Kathmandu also now has a large market for chicken that is imported from other countries, such as Thailand. “Most of our chicken is actually from Thailand,” Nina Tiwari, daughter of the founders of Nina & Hager, one of the city’s larger meat suppliers, explained. “My parents are working with the meat every day, and we haven’t experienced any health issues.”
Local poultry farms in Nepal, however, continue to be plagued by the outbreak. Why is the flu spreading so swiftly in Nepal, and how worried should consumers be? I asked this and other questions to Dr. Sameer M. Dixit, PhD, Country Director of Public Health Research & Disease Surveillance at Center for Molecular Dynamics Nepal. Here, excerpts of what he told me:
The Continuing Outbreak:
“No matter how much Department of Livestock Services or Epidemiology and Disease Control Division tries, there will always be hidden cases, and farmers that will hide their poultry because it could cost them hundreds of thousands of rupees in losses! And you just need a couple of birds to spread the disease to others.
Government bodies and the Livestock Department are trying their best, but with limitations on human resource and technical expertise, there are high chances of missing out cases. If a farmer hides a dead bird at the time of inspection, recently infected birds are difficult to identify unless on site tests are carried out. And that is difficult.”
Risk to humans and consumers:
“Those dealing with live bird need to worry. This virus is airborne so even breathing in close proximity to the bird raises chances of infection. As for dealing with the meat itself, if one washes their hands properly, with soap, after touching it then chances of infection are greatly reduced. Those that want to cook raw meat need to take precaution. However, in a restaurant setting, consumers have no risk eating cooked meat.
The virus can also survive inside and outside eggs. Boiled egg, or better still, items that lead to breaking open the shell will eliminate virus threat. However, you should wash hands and wipe the surface that the raw egg was in contact with.”
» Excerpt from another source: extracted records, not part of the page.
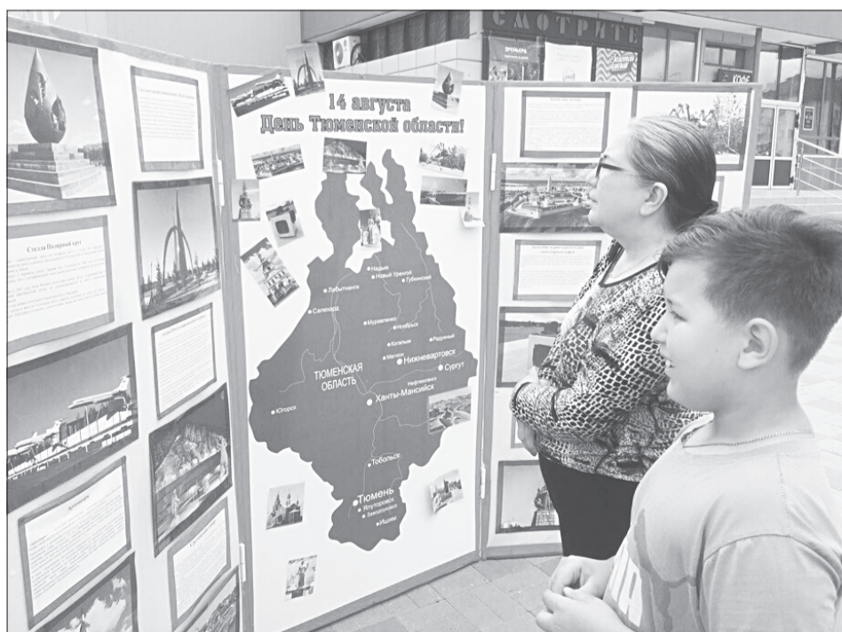
Активисты молодёжки тоже провели акцию, посвящённую Дню рождения области. Они предложили ялуторовчанам узнать достопримечательности разных городов региона и расположить их изображения на карте

■ Ялуторовск вошёл в состав Тюменской области в 1944 году, а в 1963-м стал городом областного подчинения
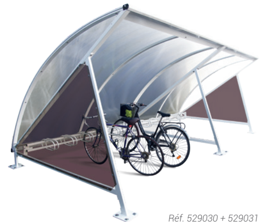
Réf. 529030 + 529031
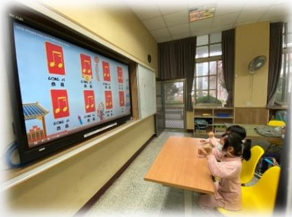
節奏結合數位學習
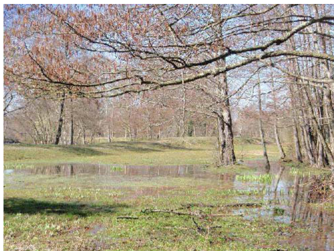
Δ Identification des habitats naturels de la vallée de l'Isle
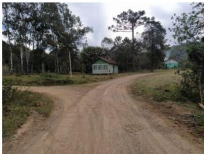
Após aproximadamente 5 km, a primeira bifurcação. Manter-se à direita.
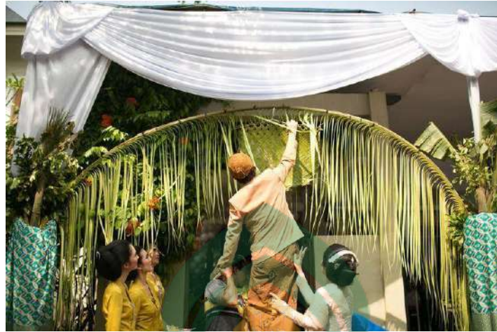
Gambar 3. Proses pemasagandekorasi tenda yang dinamakan tarub
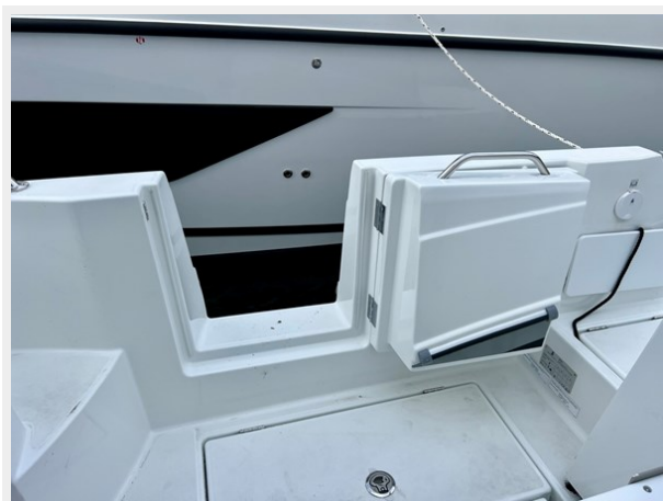
IMG_5843 Large (1)
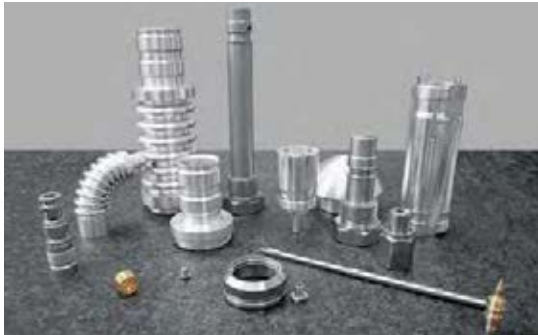
Hallberg-Sekrom的生产跨度令人印象深刻。他的客户包括成功的全球企业如阿特拉斯 (Atlas Copco)。
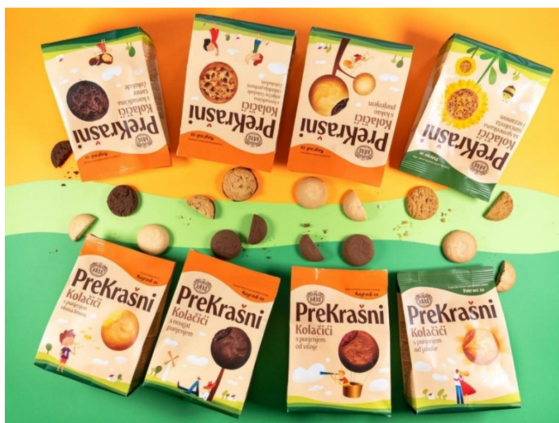
12. Primjer nadrealizma u dizajnu ambalaže brenda Kraš
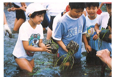
霞ヶ浦にアサザを植える小学生。現在、流域の144の小学校が参加。
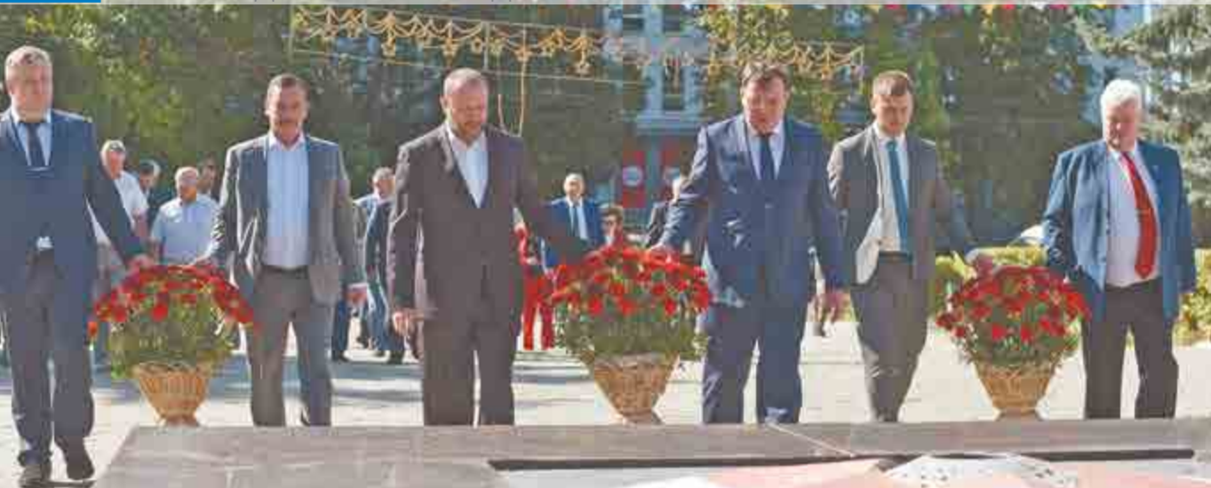
Праздничные мероприятия Дня города начались с возложения цветов к Вечному огню.
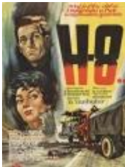
N. Tanhofer: H8..., 1958.
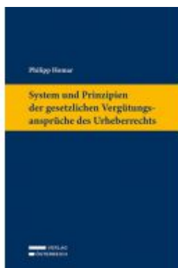
System und Prinzipien der gesetzlichen Vergütungsansprüche des Urheberrechts Ladenpreis: 129,00 EUR
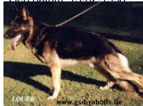
Ursel 't Palmaleinehof (LOSH 0786578)

IPO III, Sch.Hund III HD B Geb.datum: 15-02-1998
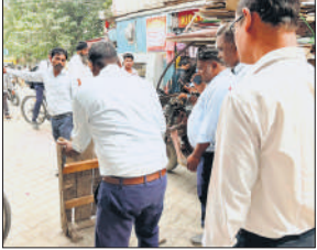
सामान जब्त करते कर्मचारी।

अमृत विचार : सोमवार को पालिका ने नगर में जगह जगह फैले अतिक्रमण को लेकर विशेष अभियान चलाया। अभियान के दौरान कब्जाधारियों का सामान जब्त कर उसे पालिका भिजवा दिया। नगर में नैनीताल हाईवे से लेकर अंतरिम मार्गों तक, जगह जगह अतिक्रमण हो रहा है। अतिक्रमण की वजह से आए दिन हाईवे पर जाम लग जाता है। अंतरिम मार्ग भी जाम की चपेट में आ जाते हैं। मार्गों की स्थिति भी अतिक्रमण को लेकर काफी खराब है। उधर लोगों की शिकायत पर संज्ञान लेते हुए सोमवार को पालिका ने एक टीम का गठन किया। इसके बाद टीम ने नगर में अतिक्रमण को लेकर विशेष अभियान चलाया। अभियान के दौरान टीम ने नगर में अतिक्रमणकारियों को नुक़्क लोग इस पर गंभीरता से विचार नहीं करते। अगर फिर कब्जा मिला तो कानूनी कार्रवाई होगी।
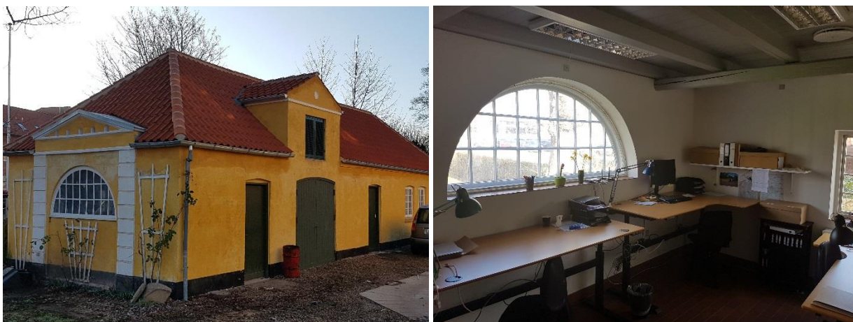
"Tv. Badehotellet med sit fine nye tegltag. Th. arkæologernes kontor mod nord.

Her i slutningen af februar 2020 er renoveringen endelig tilendebragt, og det indre er ligeledes færdigindrettet. De tre arkæologer og konservatoren, der har sæde i bygningen, har fået virkelig dejlige rammer, og jeg gætter på, at ingen kommer til at savne det gamle u-isolerede loft.
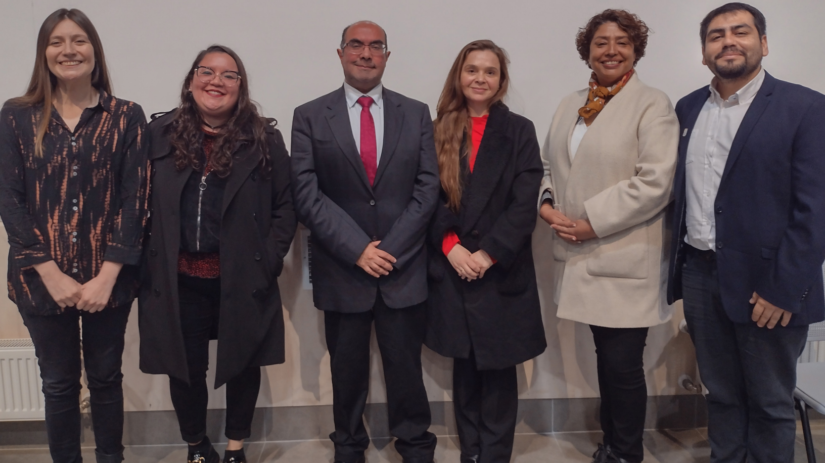
Dirección y Coordinación de los programas Quiero Ser Profe - Elige Educar y Escuela de Talentos Pedagógicos UCT, 2023.

“El aporte del programa Quiero Ser Profe junto a los profesionales encargados de Elige Educar ha sido muy enriquecedor para los estudiantes de la Escuela de Talentos Pedagógicos UCT. Desde la instancia de participar de talleres de habilidades, así como también de las conferencias que han presentado en nuestros seminarios, dando a conocer la importancia de la vocación y la formación inicial en los futuros docentes.”
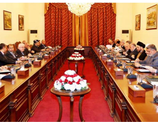
من اجتماع السلطات الثلاث مع قادة الكتل السياسية

بغداد - وعد الشمري: ينوي رئيس الوزراء حيدر العبادي الاعتماد على لجانه في اختيار الطاقم الحكومي الجديد من دون اللجوء إلى ترشيحات الكتل السياسية، لكنه سيتفق مع زعمائها قبل عرض الأسماء على الدعوة الإسلامية على هذه الآلية، فيما أبدى خالف القوى العراقية استعدادها للتخلي عن مناصبه مقابل إنجاز المصالحة الوطنية واستكمال جميع الإصلاحات. ويقول المتحدث باسم الحكومة سعد الحديثي في حديث مع "الصباح الجديد"، إن "رئيس الوزراء حيدر العبادي سيتعامل بطريقة تختلف عما كانت عليه في السابق بخصوص تقديم طاقمها الوزاري الجديد". وتابع الحديثي أن "الكتل السياسية لن تقدم مرشحاتها كما هو حال الحكومات التي تلت عام 2003، إنما العبادي سيتولى هذه العملية من خلال اللجان المشكلة في مجلس الوزراء". وأشار إلى أن "الاختيار سيكون
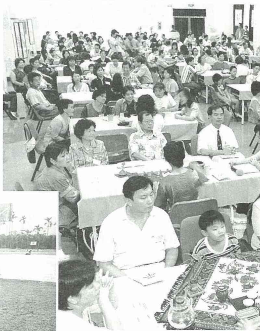
茶與音樂的饗宴，考驗你的味、聽覺。

四健會在農業推動工作中，主要的任務是負責農村教育整體的規劃，方向的擬定，並長期往下扎根，教育農村青年成為具有科學知識
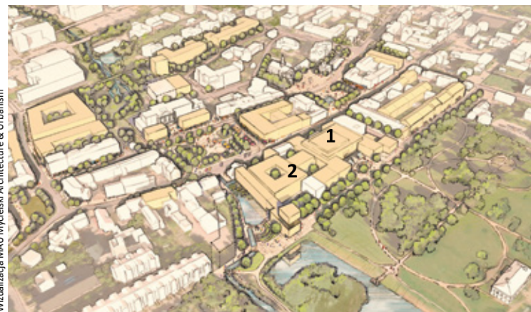
1 – lokalizacja sali kinowo-teatralnej

Polityka parkingowa prowadzona przez gminę Piaseczno służy zapewnieniu dostępności do handlu i usług w śródmieściu
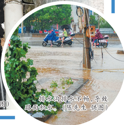
排水沟排水不畅,导致路面积水。
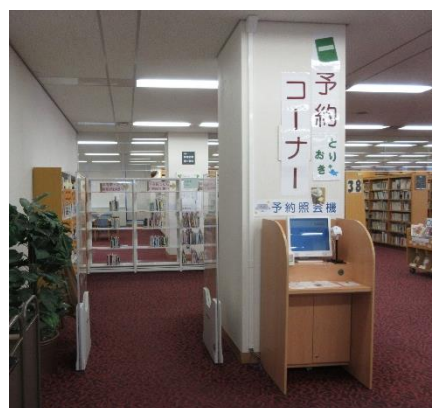
セルフの予約本とりおきコーナー
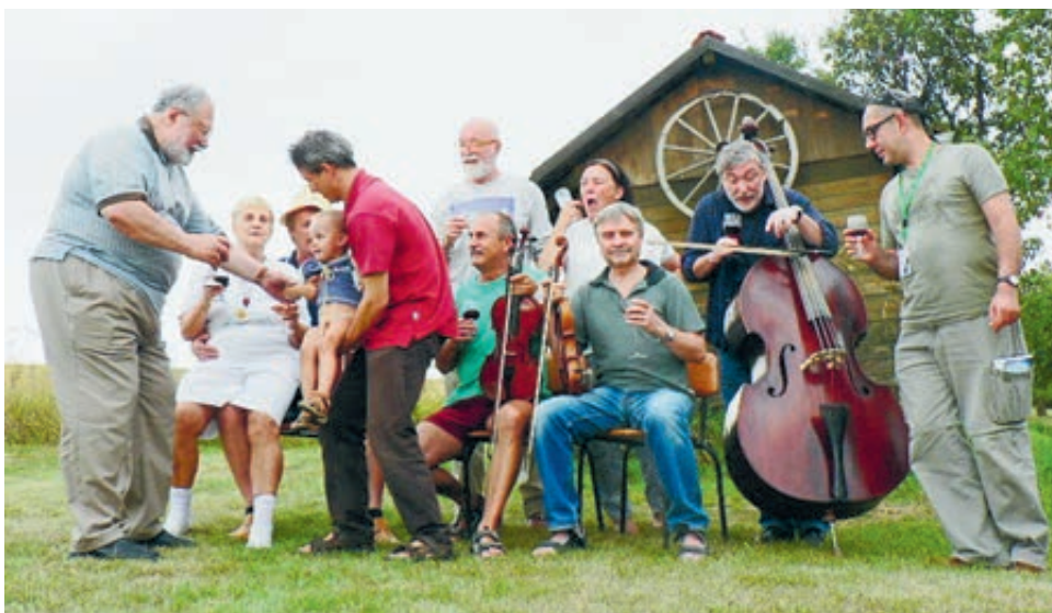
Рустам Ибрагимбеков любит жизнь в самых лучших ее проявлениях.

случился вынужденный простой в кино почти в пять лет. И я стал писать пьесы, которые пошли в театре.
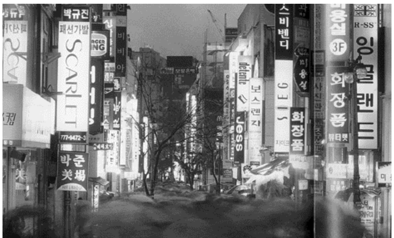
Seúl, Corea del Sur

La primera buscó redimensionar el sector público y revisar a fondo el papel del Estado en la economía, así como redefinir las relaciones comerciales y financieras
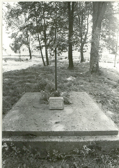
6. Mogiła zbiorowa mieszkańców wsi zamordowanych w okresie wojny
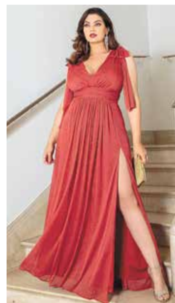
Dando boas-vindas a mais um cliente do Frutos de Indaiá 2023, a MGR Boutique, e já começando com essa dica para Madrinhas e Formandas. Um Vestido lindo em lurex com detalhe nas alças com duas formas de usar (com laço ou sem laço), drapeado na cintura e fenda. Com bojo, zíper invisível!! A MGR fica na Avenida 24 de maio, 1130, no Centro!!!
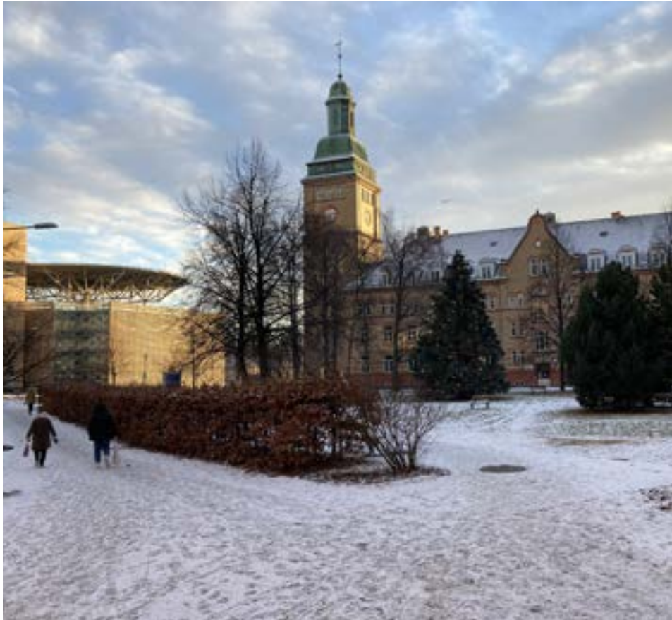
Administrasjonsbygget, tårnet, garasjebygg og helikopterlandingsplass.
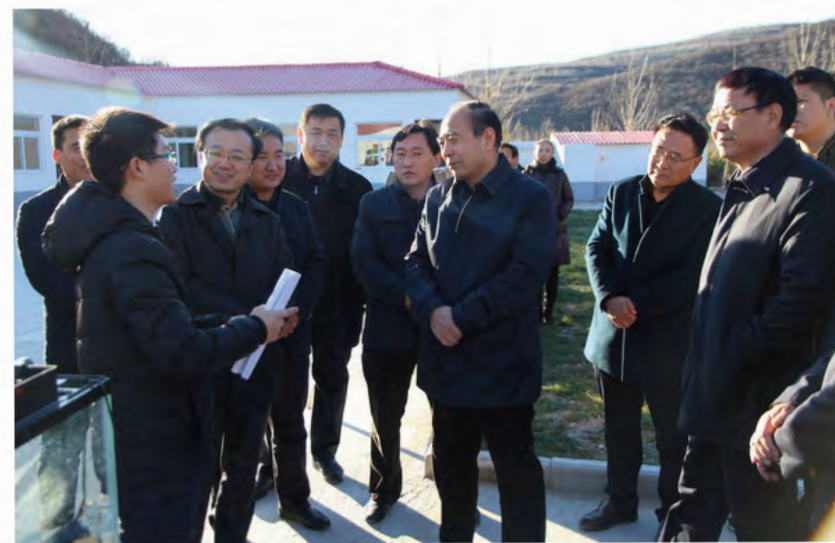
2015年12月3日，市委副书记、市长梁宏贤（右三）带领市政府办、财政局、扶贫局、林业局等部门负责同志深入黄龙县调研精准扶贫工作，并向基层干部群众宣讲十八届五中全会精神。
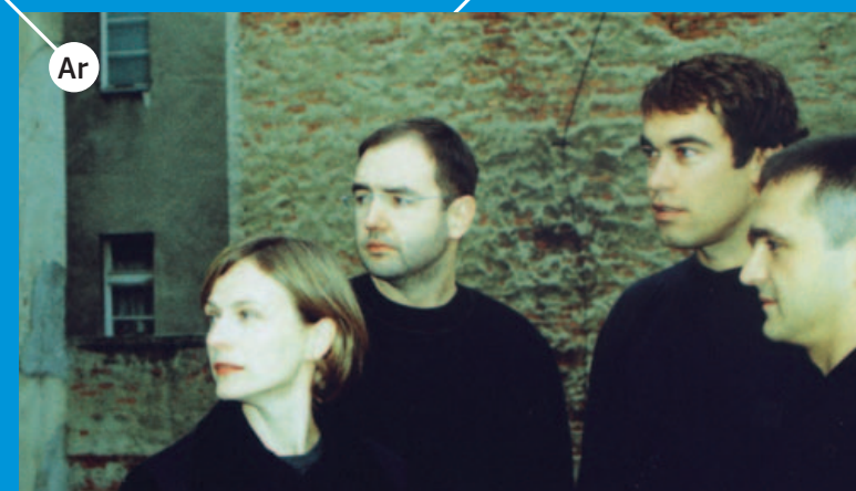
Ar 3LHD je interdisciplinarni arhitektonski ured, zainteresiran za integraciju raznih disciplina; arhitekture, urbanog i pejzažnog krajolika, dizajna, umjetnosti. 3LHD ima integrativni pristup projektima i smatra da osim funkcionalnih, arhitektura mora odgovarati i na mnoga druga pitanja. http://www.3lhd.com
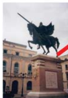
Estatua del legendario héroe castellano, en Burgos.
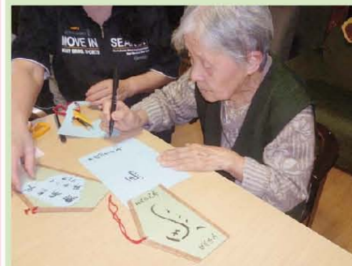
書道作品 来年の干支は「馬」

Relation to Chinese H7N9 strain:
“To my knowledge, there is no relation to the outbreak in China. Genetic studies, if they have been conducted, have not yet been reported by the Nepali government.”
“Avian flu demands the same preventive measures as for any flu outbreak; distance and minimal contact with source or suspected source, and wearing a mask and washing hands if needed to deal with it at all. If a sick bird is observed, it is advised to maintain a distance and make no contact, even to segregate other birds as those may also have already been infected. It is imperative to call a veterinarian immediately.”
And finally, A brief history of bird flu in Nepal, as reported by Kantipur media last December:
“Nepal witnessed its first avian flu outbreak in 2008 in Jhapa. Since then, major outbreaks have been reported in Pokhara, Nawalparasi and Banke. Similar outbreaks were reported in a Dhading poultry farm on December 21  and a farm in Bode, Bhaktapur on October 15 . Likewise, in March, cases of bird flu were reported on Lalitpur farms. The first case of the flu inside the Kathmandu Valley was reported in November 2011 in the Manohara river.”
- 52 poultry farms across Nepal in last nine months.
- 75 bird flu outbreaks since 2009
- 170,000 chickens culled since 2009.